The pipeline of metaX is platform-independent and is easy to use for analysis of metabolomics data generated from mass spectrometry.
The online version of this article (doi:10.1186/s12859-017-1579-y) contains supplementary material, which is available to authorized users.
Biochemicals (metabolites) with low molecular masses are the ultimate products of biological metabolism, while a metabolome represents the total composite in a given biological system and reflects the interactions among an organism’s genome, gene expression status and the relevant micro-environment . The most prevalent technology used in analysis of metabolomics is non-targeted mass spectrometry (MS) coupled with either liquid chromatography (LC-MS) or gas chromatography (GC-MS) [2, 3]. Generally, these techniques generate a set data of mass spectra with chromatography that includes retention time, peak intensity and chemical masses. Data analysis involves stepwise procedures including peak picking, quality control, data cleaning, preprocessing, univariate and multivariate statistical analysis and data visualization. A number of software packages are available for MS-based metabolomics data analysis as listed in Table 1, including propriety commercial, open-source, and online workflows. The MS manufacturers generally provide propriety software, like SIEVE (Thermo Scientific), MassHunter (Agilent Technologies) and Progenesis QI (Waters), which are often limited in scope and function. Open-source software, such as XCMS , CAMERA , MAIT , MetaboAnalyst  and Workflow4Metabolomics , usually cover limited processing steps. There is no such comprehensive pipeline that is used across the metabolomics community [9, 10]. Referring to the capabilities of the tools mainly used (as shown in Table 1), an automatic and comprehensive open source pipeline is urgent in bioinformatics analysis of metabolomics. Basically, the pipeline aims for users to easily perform end-to-end metabolomics data analysis with a flexible combination of different methods to efficiently integrate new modules and to build customized pipelines in multiple ways.

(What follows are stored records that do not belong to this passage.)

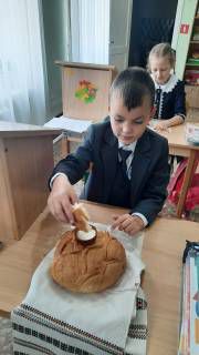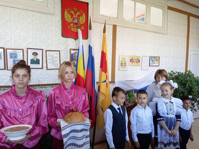 Торжественная линейка для обучающихся 1-10 классов была начата с выноса Государственного флага России юнармейской знаменной группой и исполнением Гимнов Российской Федерации и Всевеликого войска Донского. Помощником атамана Пушкаревым Михаилом был сдан рапорт Дудинову И.И. казаку Войскового казачьего общества "Всевеликое войско Донское" Первого Донского округа Тацинского юрта о готовности первоклассников к ритуалу посвящения. Первоклассникам были оглашены заповеди казаков и вручены казачьи эмблемы. После произношения клятвы казаков, юных казачат посыпали пшеницей и вручили классному руководителю Бурховцовой Н.И. хлеб с солью по доброму казачьему обычаю, который поможет хранить традиции казаков, стать настоящими казачатами, с добрым сердцем, любящими родную Донскую землю, прославляющую ее своими делами. Ряды юных казаков нашей школы пополнились. Казачеству быть на Донской земле!
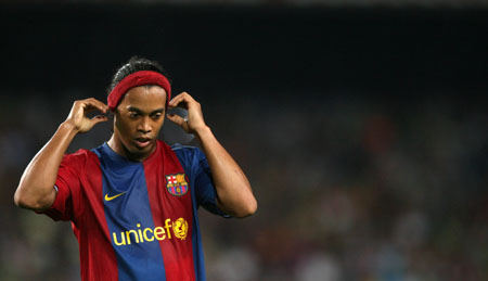 Barcelona's soccer player Ronaldinho reacts during their Spanish First
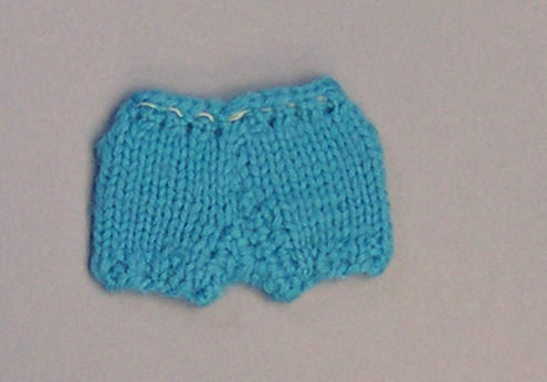 Kort broekje gebreid van blauwe wol.- Trefwoorden
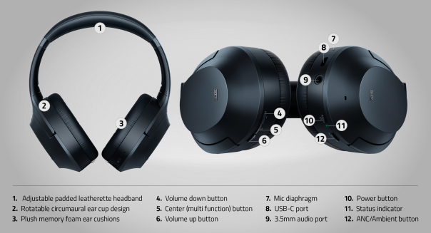 The Razer Opus’ low weight and plush leatherette foam ear cushions and headband provide a comfortable, pressure-point free fit for long periods of use. Each battery charge lasts up to 25 hours with ANC on, allowing users to enjoy a continued, uninterrupted high-quality sound experience while in a noisy environment.
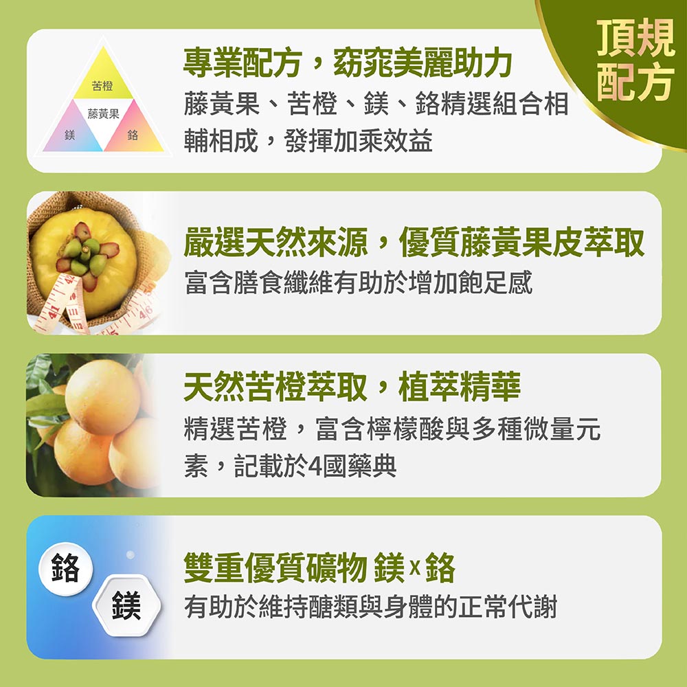 藤黃果萃取物、苦橙萃取物、鉻酵母(非活性酵母、三氯化鉻)、葡萄糖酸鎂、 二氧化矽、硬脂酸鎂。

We herein developed a comprehensive workflow for analysis of metabolomics data, termed metaX. At the present time, R  is a popular statistical programming environment and provides a convenient environment for statistical analysis of metabolomic and other -omics data [12, 13]. We thus designed metaX as an R package that automates analysis of untargeted metabolomics data acquired from LC/MS or GC/MS and offers a user-friendly web-based interface for data quality assessment and normalization evaluation. This workflow, which is open source and rich in functions, encourages experienced programmers to improve the relevant functions or to build their own pipeline within the R framework. Overall, metaX aims to be a tool array that utilizes an end-to-end statistical analysis of metabolomics data.
A stepwise overview of data processing using metaX is illustrated in Fig. 1.

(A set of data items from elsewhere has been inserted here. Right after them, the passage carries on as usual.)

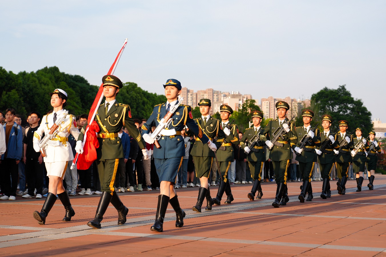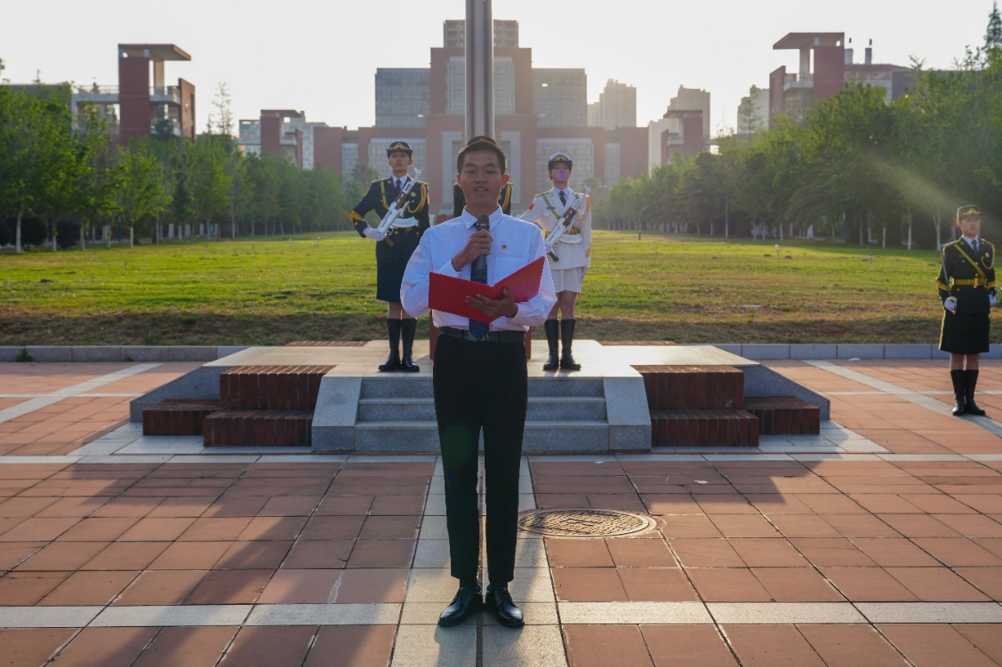 为进一步学习贯彻党的二十大精神,增强无料AV 师生的国家意识,弘扬爱国主义精神,无料AV 于2024年4月22日清晨在呈贡校区国旗台广场举行了庄严隆重的升旗仪式。无料AV 党委书记张强、党委副书记王懿娜及学院师生代表共计500余人参加仪式。 图1仪仗队护卫国旗入场 晨光里,国旗仪仗队昂首阔步,旗手们迈着整齐划一、铿锵有力的步伐护卫着国旗步入旗台。在雄壮激昂的国歌声中,鲜艳的五星红旗冉冉升起,全体师生庄严肃立,齐唱国歌,向国旗行注目礼。 图2升旗仪式 升旗仪式结束后,来自车辆231班的杨洋同学以“青春当奋斗,可为正当时”为主题进行国旗下演讲。他围绕青年学子的责任和担当,鼓励同学们要以习近平总书记致云南大学建校100周年贺信精神为指引,怀抱远大理想,不负青春,不负时代,更要对党和人民有所贡献。他的演讲充满激情,激发了在场每一位同学的热情。 图3杨洋同学发表国旗下演讲 随着他最后一句“让我们一起出发”,在无料AV 合唱团的带领下,全体师生共同唱响校歌《我们从这里出发》,青春激昂的歌声传递着交通学子践行“明德任责、致知力行”校训的决心,彰显了报国之志,他们今后将更努力学习,为交通事业的发展贡献青春力量,成为有担当的中国青年。 图4全体师生共唱校歌
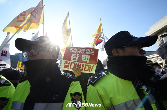 [쿠키뉴스=박효상 기자] 박 대통령 지지자들이 9일 국회 앞에서 시위를 벌이고 있다. ⓒAFP BBNews = News1tina@kukinews.com
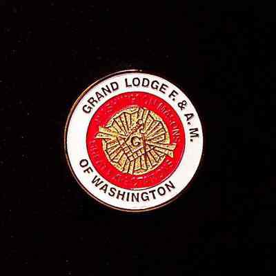 Back: Outer white rim: "Grand Lodge F&AM of Washington", Inner red rim: " Washington Masons, Great Expectations". Gold middle circle with square and compass design.Collection

In general, metaX can take mzXML files as input or a peak table file as input. If taking mzXML files as input, metaX will use the R package XCMS  to detect peaks, then use the CAMERA  package to perform peak annotation. If a peaks table file is an input, metaX transforms the table data from a peak detection software, such as Progenesis QI (exported comma separated value (csv) format file), into an R object compatible with the subsequent workflow.
The raw peak intensity data was pre-processed in metaX. Firstly, if a metabolite feature is detected in<50% of quality control (QC) samples or detected in<20% of experimental samples, it is removed from data analysis . Secondly, a missing value after the first filtering is retained and imputed. In metaX, four methods are implemented to perform missing value imputation: k-nearest neighbor (KNN), Bayesian principal component analysis replacement (BPCA), svdImpute and random forest imputation (missForest) .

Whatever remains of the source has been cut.